Not as interesting as drowning infanticidal whores in sacks, though.


Will Wilkinson 03.12.08 at 3:42 am

upon = open


Dan S. 03.12.08 at 3:55 am

So anyway, that’s where I got my elite status.

You know, every now and then I’ve idly wondered if you were related to those Emersons . . .

And are you aware of this? (see episode 7 of series 1 . . .)


gr 03.12.08 at 6:33 am

Hmmm… the attack on the principle of merit doesn’t strike me as altogether ridiculous. The view is still rather influential in Germany, especially in the public sector, and not necessarily all for the worse, imho. The idea of not basing all status on (sometimes rather arbitrarily defined) ‘merit’ and constant competition does seem to be conducive to the well-functioning of certain institutions. German public services are clearly superior to those in Anglo-Saxon countries, and more so where they have been more resistant to being cannibalized by neo-liberal politicians.


John Holbo 03.12.08 at 7:24 am

“The idea of not basing all status on (sometimes rather arbitrarily defined) ‘merit’ and constant competition does seem to be conducive to the well-functioning of certain institutions.”
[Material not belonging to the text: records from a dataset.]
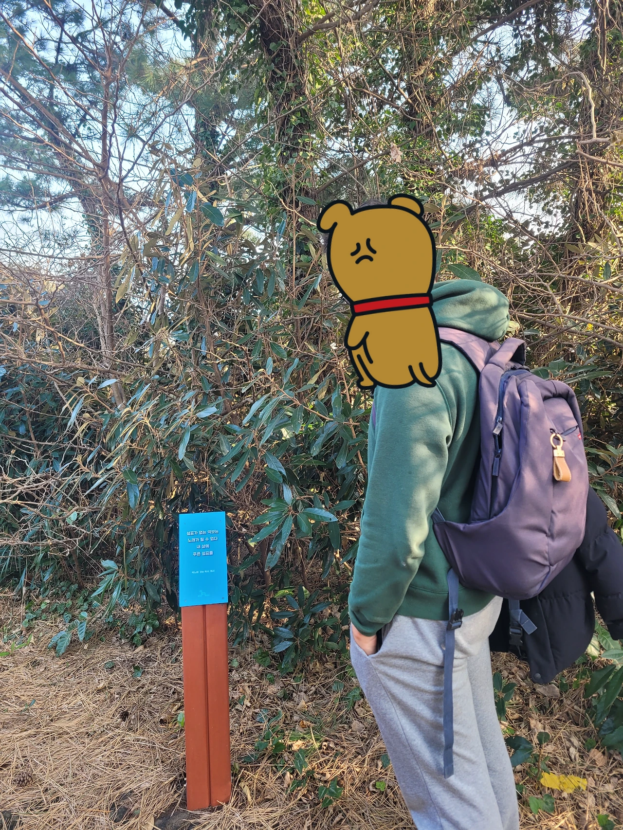 "진짜? 우리는 다리가 아파서 하루에 반 코스만 걷는단다. 오늘도 중간 스탬프 있는 곳까지만 걸을 거야~"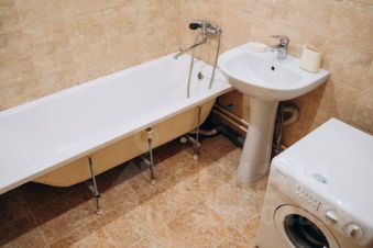 ОСТАЕТСЯ - Все как на фото: кухонный гарнитур со встраиваемой техникой (варочная духовой шкаф, холодильник), стиральная машинка, диван, шкаф.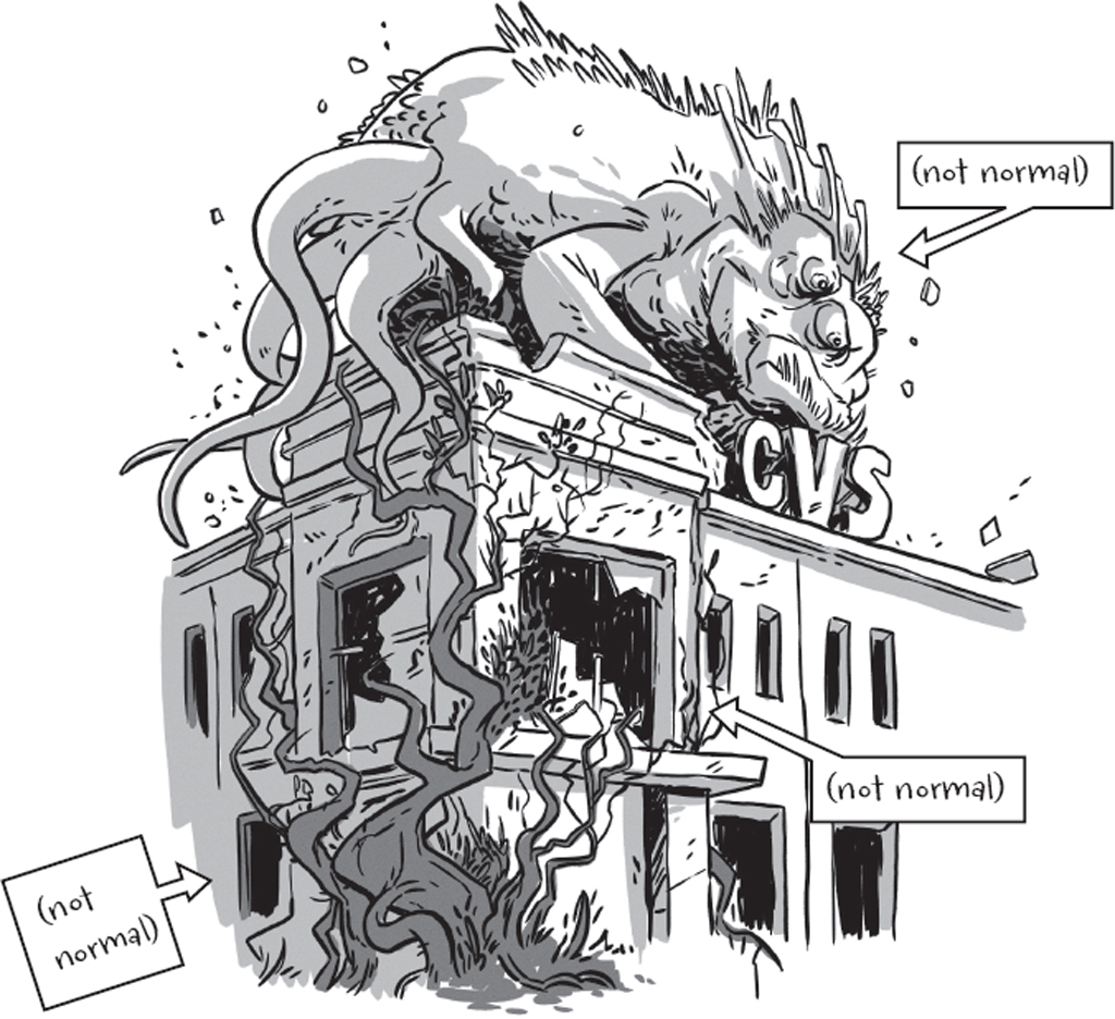 One of the monster’s giant feet fills, like, the entire store. One toe in the school supplies aisle, another on top of the hairspray and deodorant aisle. Dashing up and over the monster’s foot, toward the front of the store, I spot what I came for . . .

I actually thought about saying something of the sort myself. I didn’t, in part because it was funnier just to make fun. I agree that it is an interesting question: the limits of the efficiency of meritocracy. But it is also true that Möser is not really asking the interesting question. He is trying to defend an extreme position by posturing as though the only alternative is an opposite sort of extreme (which, as you point out, would have its own problems.)


John Emerson 03.12.08 at 12:44 pm

The husband of “Gentlemen Prefer Blondes” author Anita Loos was the gay film director John Emerson. So was Dred Scott’s owner. No apparent relation in either case. I have done considerable research in the John Emersons of the world.
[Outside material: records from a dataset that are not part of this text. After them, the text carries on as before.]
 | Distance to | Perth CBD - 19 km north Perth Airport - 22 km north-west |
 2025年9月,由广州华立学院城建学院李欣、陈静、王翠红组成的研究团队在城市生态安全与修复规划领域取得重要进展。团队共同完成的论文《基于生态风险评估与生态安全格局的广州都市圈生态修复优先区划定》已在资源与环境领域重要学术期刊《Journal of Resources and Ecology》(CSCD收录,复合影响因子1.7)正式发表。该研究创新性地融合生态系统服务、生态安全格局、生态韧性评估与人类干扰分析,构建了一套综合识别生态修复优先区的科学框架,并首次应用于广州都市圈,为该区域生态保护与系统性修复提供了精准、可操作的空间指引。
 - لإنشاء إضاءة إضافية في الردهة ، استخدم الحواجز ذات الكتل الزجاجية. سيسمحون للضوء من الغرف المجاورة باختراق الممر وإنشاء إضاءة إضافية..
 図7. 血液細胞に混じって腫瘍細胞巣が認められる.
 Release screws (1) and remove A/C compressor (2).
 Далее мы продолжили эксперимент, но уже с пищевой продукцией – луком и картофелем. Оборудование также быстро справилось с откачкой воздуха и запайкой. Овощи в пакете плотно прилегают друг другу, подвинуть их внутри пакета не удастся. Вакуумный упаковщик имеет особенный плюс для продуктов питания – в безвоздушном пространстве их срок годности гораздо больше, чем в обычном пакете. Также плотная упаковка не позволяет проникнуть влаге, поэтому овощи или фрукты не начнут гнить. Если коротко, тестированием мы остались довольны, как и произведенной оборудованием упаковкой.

The Modesto Kid 03.12.08 at 2:38 pm

Count me as surprised that Dred Scott’s owner was a gay film director.


John Emerson 03.12.08 at 4:17 pm

Kid, the world is bigger than you thought.


Random African 03.13.08 at 5:48 am

When men rule and where men serve, birth and age, or seniority of service, are still the safest and least offensive rules for promotion.
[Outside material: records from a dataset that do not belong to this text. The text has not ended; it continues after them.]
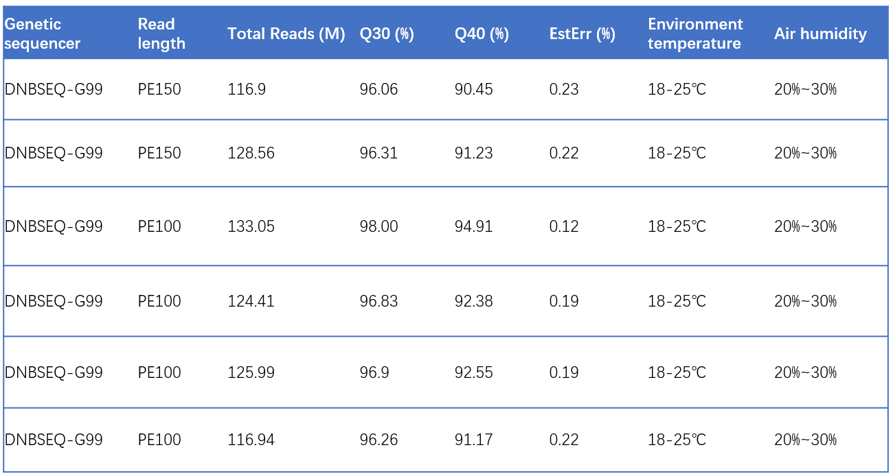 Under the challenging condition of 5°C, which is difficult for sequencers to withstand, the DNBSEQ-E25 successfully operated stably. A single SE100 sequencing run took only 5 hours, with a Q30 value exceeding 90%, a low error rate, and the quality of the output data meeting the requirements for bioinformatics analysis.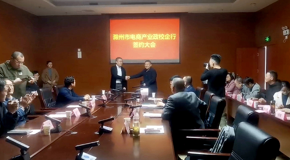 在3月22日举行的滁州市电商产业政校企行签约大会上,太阳成集团tyc33455cc官网党委书记王诗根代表太阳成官网与滁州市电子商务商会秘书长陈栋在合作框架协议上签字,就合作共建电商直播人才培养基地达成一致。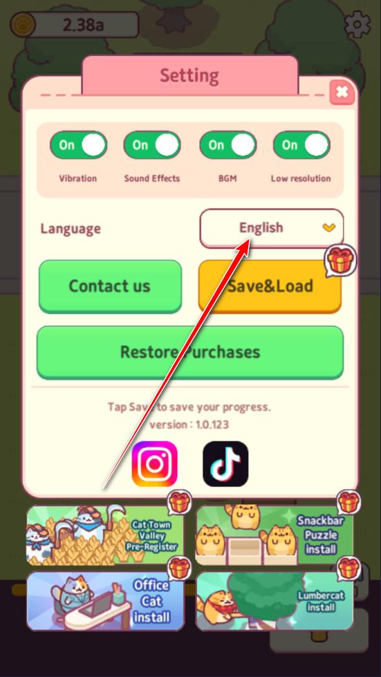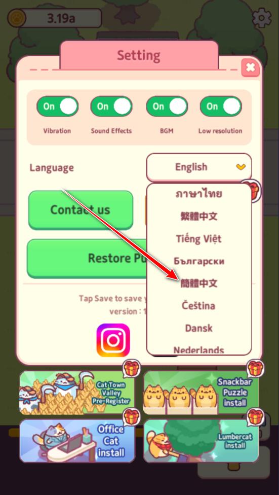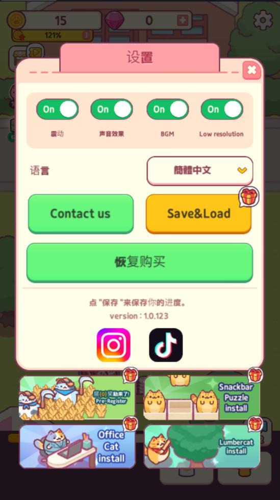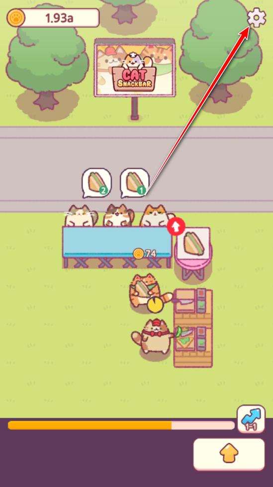 1、打开猫咪小吃店游戏,点击右上方的设置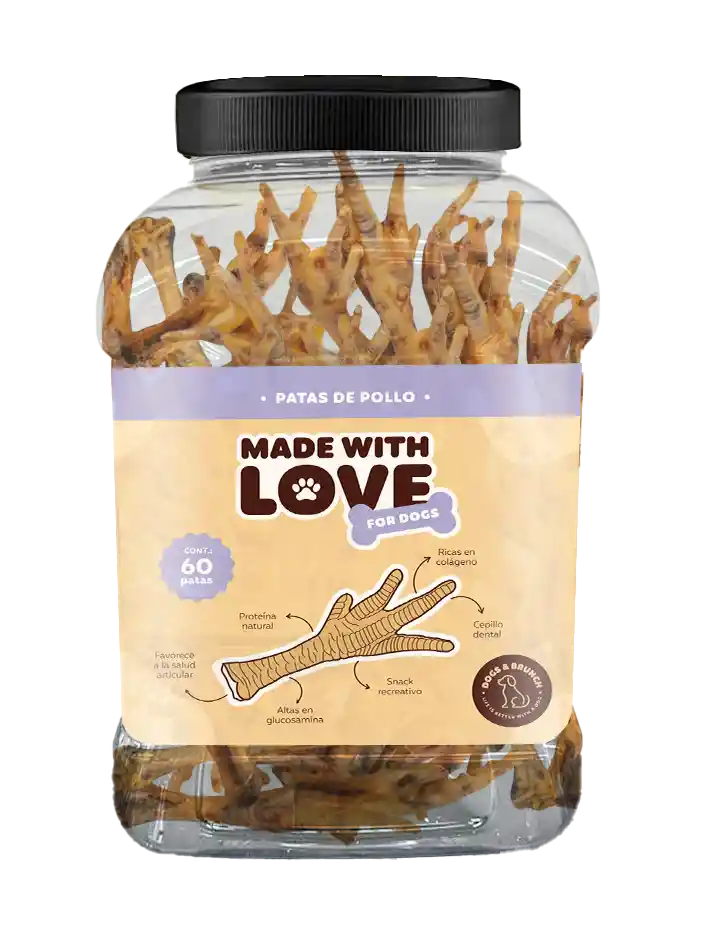 Patas de pollo deshidratadas 100 % naturales sin conservantes ni aditivos. Recomendaciones: Dar bajo supervisión. Es un suplemento recreativo NO un alimento completo. Apto para todas las razas y tamaños. Almacenar en un lugar fresco.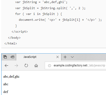 function fn5(){ //split(구분자, 구분갯수) : 구분자를 기준으로 문자열을 분리하여 배열로 반환 // 구분갯수 지정 값은 포함되지 않음(추청) var result = "문자열 일 때 : str[3] "+str[3]+"<br>"; var arr = str.split(" "); result +=` 배열로 반환 후: arr[3] : ${arr[3]}`; document.getElementsByTagName('div')[0].innerHTML =result; }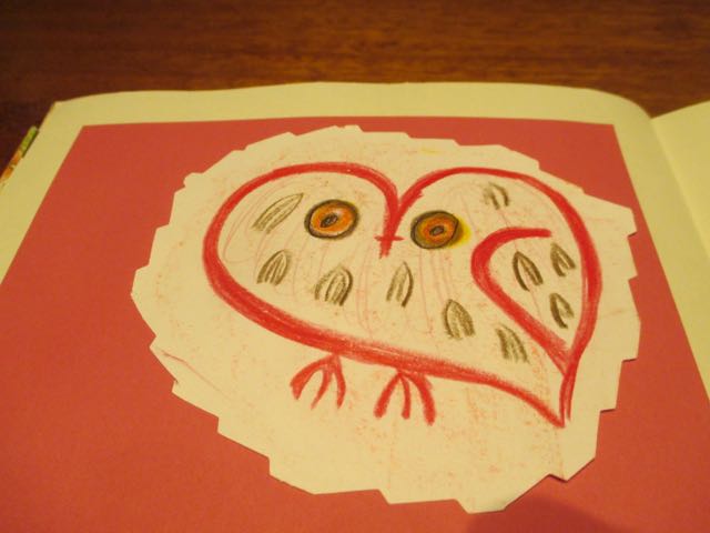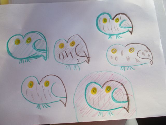 Dit plakte ik aan het eind van de dag in mijn Imaginary world boek. Mijn versie van uiltje. Zo goed als ik het nu kan.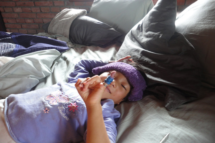 For example, the other day Ang Maya had a stainless steel ring stuck on her finger! Nobody seemed to know where the ring came from, but she put it on her finger and her sister Bina pushed it down until it stuck.

that’s the key word, people.


sonofcivilservants 03.16.08 at 2:54 pm

John, maybe you put it up as a public translation project. I speak German, I would translate one page. The texts itself are in the public domain. So should not be a problem. See project Gutenberg or just use some scan from Google Books.

One commenter says that in Germany today civil service not to be based on merit is still a powerful idea. I do not think this is true at all. I am German and both of my parents are civil servants in Germany. The reasons why German civil service works well is that civil servants are extremely well paid and top talent is drawn into it. Many civil servants are barred by law from strikes, including all teachers, policemen and anyone in a bit higher position in administration. German civil service is very merit-based. Indeed even top politicians usually come from quite ordinary families: Schroeder’s mom was a single mom cleaning lady, Angela Merkel’s father was a pastor in east Germany and she is a physics PhD (unlike an Ivy undergrad degree, you cannot buy that one). Hiring into civil service is mostly based on centralized examinations and specialized exams. Just as an anecdote: A friend of mine, from an upper middle class family living in a cozy suburb full of professors, lawyers and doctors, after his Abitur with ok grades wanted to become a policeman (his grades roughly put him in the top 20% of the entire age cohort). He got rejected on basis of a minor knee condition he had (though he was still an athlete). That’s how selective they can be! The NYPD or any other US police agency, apart from the FBI maybe, can only dream of such applicants, let alone turn them away. Being a civil servant, say a high school teacher (Gymnasium) in Germany enjoys similar status to being an engineer, a lawyer or doctor. My father still recommends I rather become a German civil servant rather than, say a Wall Street banker or consultant.